Cmq rileggendo quello che ha dichiarato Barbarella mi pare la solita stoccata a Galliani, magari mi sbaglio...


----------



## bargnani83 (24 Maggio 2014)

Albijol ha scritto:


> Cmq rileggendo quello che ha dichiarato Barbarella mi pare la solita stoccata a Galliani, magari mi sbaglio...


perfetto.il senso è squadre con meno soldi della nostra sono nettamente superiori a noi.le stesse cose le ha dette pure quando giocammo con la roma se ricordate.


----------



## chicagousait (24 Maggio 2014)

Prima eravamo noi il modello da imitare. Ora siamo noi che vogliamo imitare gli altri...


----------



## Now i'm here (24 Maggio 2014)

tante chiacchiere.....modello arsenal di qua, modello atletico di là, la verità è che siamo sempre fermi al palo e ogni anno è sempre peggio. 

ad oggi l'unica cosa concreta che hanno fatto qual è ? la nuova sede col museo ? wow.


----------



## Fabriman94 (24 Maggio 2014)

Prima il modello Barcellona, la "cantera", ora il modello "Atletico". Il prossimo modello quale sarà, Gabriel Garko?


----------



## Fabry_cekko (25 Maggio 2014)

Questa non capisce niente


----------



## Heaven (25 Maggio 2014)

È per questo che i loro momenti di gloria durano un anno, come il borussia l'anno scorso, nel giro di 1-2 anni vendono i big e tornano alla normalità

Il modello atletico/borussia (apparte che difficilissimo) lo puntano squadre come la fiorentina, non noi. Questa per me è una..ed incompetente, stiamo cadendo in basso.. Vorrei chiedergli come pensa di tornare in champions il prossimo anno poi. Se non escono i soldi non vinceremo mai più niente di importante



*
[MENTION=1065]Heaven[/MENTION] no parole censurate per piacere*


----------



## el_gaucho (25 Maggio 2014)

Secondo me si sta perdendo il senso della dichiarazioni di B.B
E' chiaramente una stoccatona a Galliani. 
E inoltre, lei non capira' di calcio, ma meglio chi ammette chiaramente che e' stata una stagione fallimentare e che bisogna cambi are rotta, che chi a queste considerazioni ha la faccia tosta di sciorinare statistiche pretenziose, dire che siamo I piu' titolati dell'universo e che una stagione storta puo' capitare


----------



## John Dunbar (25 Maggio 2014)

il senso mi sembra chiaro: "se un club che fattura la metà di noi vince la liga e gioca la finale di champions, il milan che fattura il doppio, se amministrato al meglio, può fare altrettanto..."

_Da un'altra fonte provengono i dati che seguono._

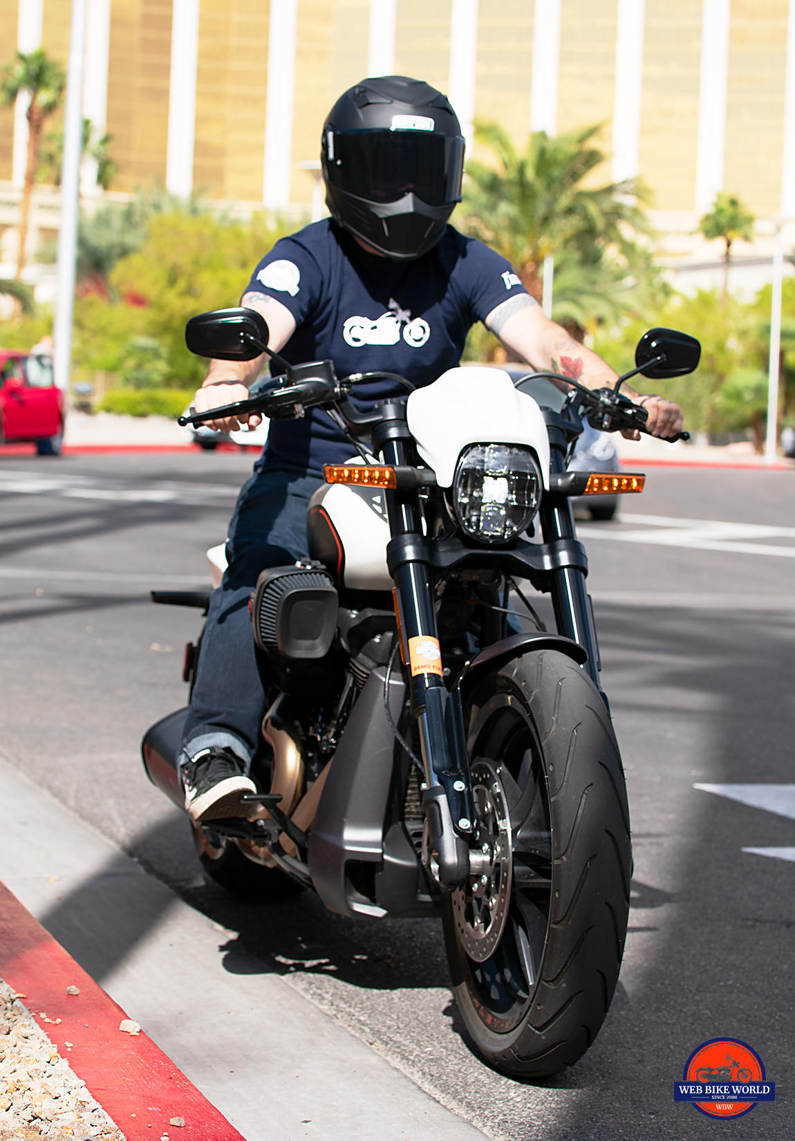 As I mentioned I got to ride the FXDR while attending AimExpo in the beautiful October weather Las Vegas is known for. A motorcycle-centric day of 80 degree temps with bright sunshine beaming down and nary a cloud in the sky to be found framing the scene of me being let loose on Harley’s new muscle bike. Left far behind was my Canadian home where my bikes had been winterized and put into storage due to snow and cold arriving early this year even by our standards.

Per la serie, chi vuol capire capisca


----------



## Oronzo Cana (25 Maggio 2014)

John Dunbar ha scritto:


> il senso mi sembra chiaro: "se un club che fattura la metà di noi vince la liga e gioca la finale di champions, il milan che fattura il doppio, se amministrato al meglio, può fare altrettanto..."
> 
> Per la serie, chi vuol capire capisca



infatti , è una critica diciamo educata nei confronti dell'antennista


----------



## mefisto94 (25 Maggio 2014)

John Dunbar ha scritto:


> il senso mi sembra chiaro: "se un club che fattura la metà di noi vince la liga e gioca la finale di champions, il milan che fattura il doppio, se amministrato al meglio, può fare altrettanto..."
> 
> Per la serie, chi vuol capire capisca



Sì ma deve sapere che queste sono eccezioni e non regole.


----------



## runner (25 Maggio 2014)

dunque per prima cosa l' Atletico non ha nessuna "rete" di osservatori importante, ma un'ottima scuola calcio dalla quale sfornano ogni anno almeno tre o quattro giocatori utili (alcuni fanno un po' di esperienza in prestito e altri vanno in prima squadra) e al massimo fanno plusvalenze con le cessioni...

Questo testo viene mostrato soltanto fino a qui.